Interim phase II data from phase II/III Orbit study demonstrate setrusumab (UX143) significantly reduced fracture rates in patients with osteogenesis imperfecta.- Ultragenyx Pharmaceutical + Mereo BioPharma

The data were presented in a late-breaker presentation at the American Society for Bone and Mineral Research 2023 Annual Meeting (ASBMR).

As of the cut-off date and following at least 6 months of treatment with setrusumab, the annualized fracture rate across all 24 patients in the Phase II portion of the study was reduced by 67%. In the 2 years prior to treatment with setrusumab all patients experienced at least 1 fracture. The median annualized fracture rate of 0.72 in the 2 years prior to treatment was reduced to 0.00 (n=24, p=0.042) during the mean treatment duration period of 9 months. Following initiation of treatment with setrusumab, 20 patients experienced no radiographic-confirmed fractures, and 4 patients experienced 7 radiographic-confirmed fractures in 5 separate events. These fractures exclude fractures of the fingers, toes, skull, and face consistent with the Phase III study design.

“I have not yet encountered a patient with a fragility fracture while on setrusumab, and this may result from setrusumab’s effects on the skeleton, improving the rate of new bone formation and bone quality,” said Gary Gottesman, M.D., Professor of Pediatrics and Medicine, Washington University School of Medicine. “Some of the kids feel well enough they are participating in activities that they might normally avoid and have suffered some relatively minor fractures.”
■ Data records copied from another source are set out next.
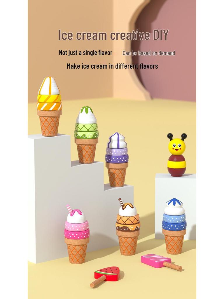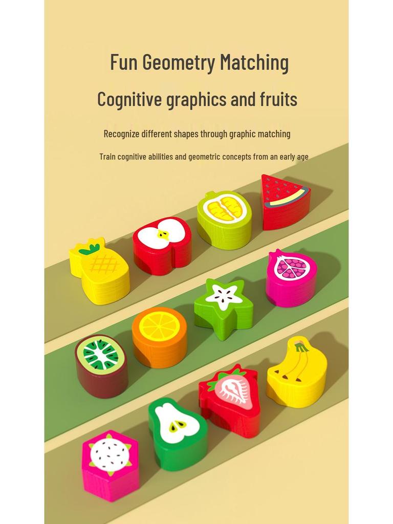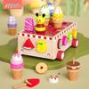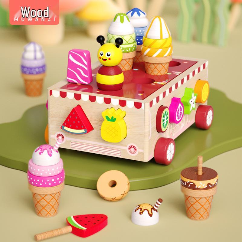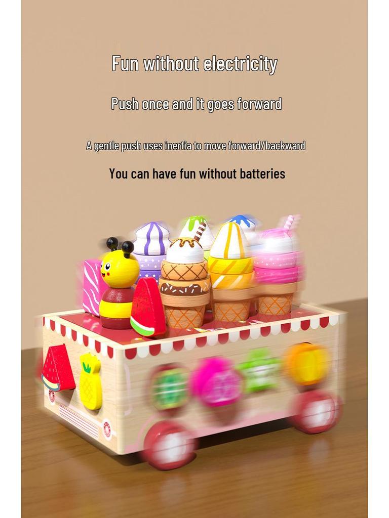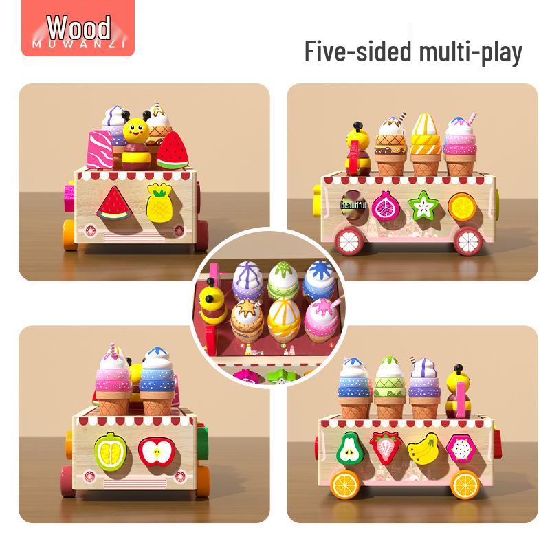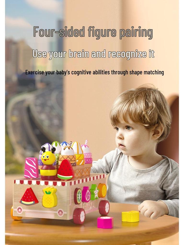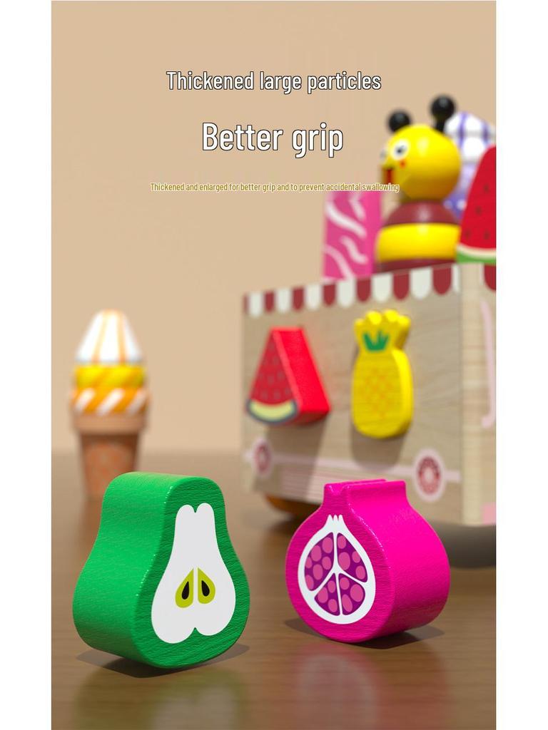 International Fruit Ice Cream Puzzle Car: Wooden Early Education Shape and Building Blocks Toy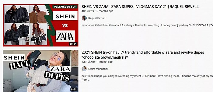 实际上,将西班牙快时尚Zara和中国跨境快时尚Shein进行这种同款对比的视频在YouTube上数不胜数,称得上时博们的“流量密码”——只要做这个话题,就会在YouTube的年轻观众中获得巨大的关注度。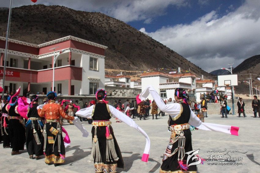 絨貢村距離茨巫鄉(xiāng)政府16公里,地處高山地帶,是得榮縣典型的高山邊遠貧困村,農(nóng)牧民居住條件艱苦,交通不便,農(nóng)作物只生一季。2010年,為改善藏區(qū)群眾生產(chǎn)生活條件,省委、省政府實施牧民定居計劃,經(jīng)過多次調研后,平均海拔2800米,地勢平坦的卡色壩被確定為得榮縣生態(tài)移民開發(fā)安置點之一。作為推進富民安康的一項重大民生工程,卡色壩移民新村建設既結合了牧民生活習慣又融入了現(xiàn)代居住理念,建筑風格統(tǒng)一的藏式房屋內設有衛(wèi)生間、洗浴室、并配套太陽能熱水器,經(jīng)過6年的建設,在今日迎來了正式喬遷入住。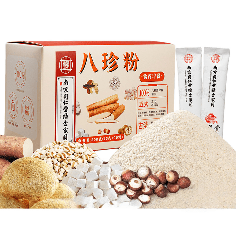 南京同仁堂 八珍粉 健脾养胃祛湿 补气血养生 药食同源早餐代餐粉 配料干净无蔗糖0添加 300g/盒
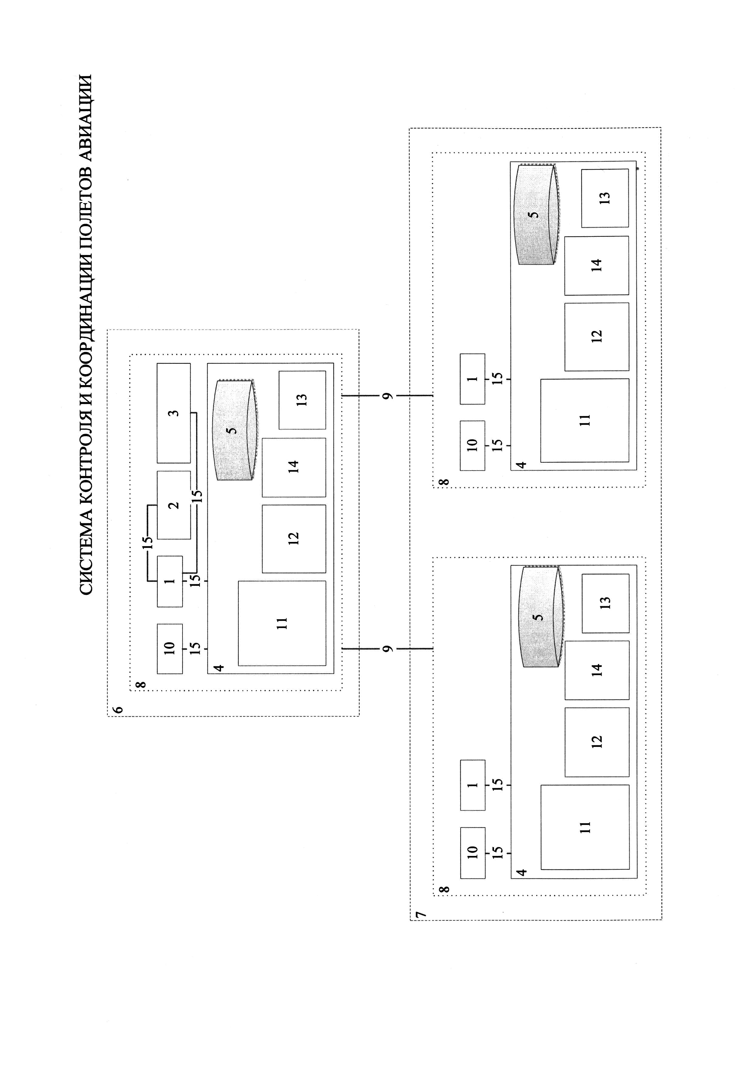 Система контроля и координации полетов авиации содержит верхний уровень автоматизации и нижние уровни автоматизации. Верхний уровень автоматизации содержит автоматизированные рабочие места, сервер передачи данных, сервер базы данных, средство отображения коллективного пользования, многофункциональное печатающее устройство. Каждый из нижних уровней автоматизации содержит объекты автоматизации, связанные глобальной вычислительной сетью. Каждый из объектов автоматизации содержит автоматизированные рабочие места, сервер передачи данных, сервер базы данных, объединенных локальной вычислительной сетью. Сервер базы данных для всех уровней автоматизации содержит вычислительно-логические модули ввода-вывода и управления информационным обменом нормативно-справочной информации, вычислительно-логический модуль планирования и контроля полетов и перелетов, модуль решения расчетных задач, модуль отображения информации на картографическом фоне, централизованное хранилище информации. Обеспечивается оперативность обработки информации о планируемых полетах и перелетах. 7 з.п. ф-лы, 1 ил.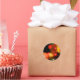 ADESIVO REDONDO BOLHAS FRACTAIS AMARELAS DE LARANJA VERMELHA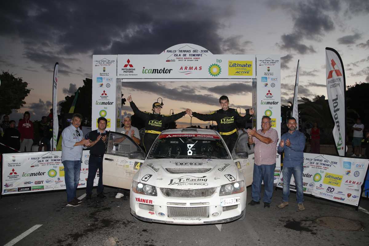 Jesús Tacoronte-María Sáez, al volante de un Mitsubishi Lancer Evo IX, lograron una victoria contundente. En su segundo triunfo consecutivo en el Campeonato de Canarias, el piloto tinerfeño y la copilota grancanaria sumaron la victoria en todas las pruebas especiales. Después de ocho tramos cronometrados acumularon un tiempo de 36:26.9, inscribiendo así su nombre como primeros vencedores del I Rally Tierras del Teide – Isla de Tenerife · Trofeo Naviera Armas, prueba brillantemente organizada por el Club ProGT Arafo.

The reduction in annualized fracture rates was associated with a clinically meaningful increase in BMD. At the 6-month timepoint, treatment with setrusumab resulted in a mean increase in lumbar spine BMD from baseline of 13% at 20 mg/kg (n=11) and 16% at 40 mg/kg (n=8), which represents the same substantial mean improvement in Z-score of +0.85 for both dose groups at 6 months compared to a combined mean baseline Z-score of –1.68. The small apparent difference in BMD change from baseline is likely related to differences in patients assigned to the two treated groups. There was no statistically significant difference in BMD percent change or Z-score change from baseline between the 20 and 40 mg/kg dosing cohorts.

“These data provide compelling evidence that improved bone mineral density, resulting from this unique mechanism of action, reduced the risk of fractures and that treatment with setrusumab could allow patients with OI to lead much more active lives with fewer fractures,” said Eric Crombez, M.D., chief medical officer at Ultragenyx. “I want to acknowledge the OI community and especially thank the people living with OI and their caregivers who have aided the setrusumab development program so that we may potentially offer the first approved treatment option for this severe and disabling disease.”

As of the data cut-off, there were no treatment-related serious adverse events observed in the study. Reported adverse events were generally consistent with those observed in the ASTEROID study with infusion-related events and headache determined to be the most common adverse events related to the study drug. There have been no reported hypersensitivity reactions related to setrusumab. There were no notable safety-related differences observed between dosing groups or age groups.

The Phase III portion of the study is currently enrolling approximately 195 patients at 50 sites across 12 countries.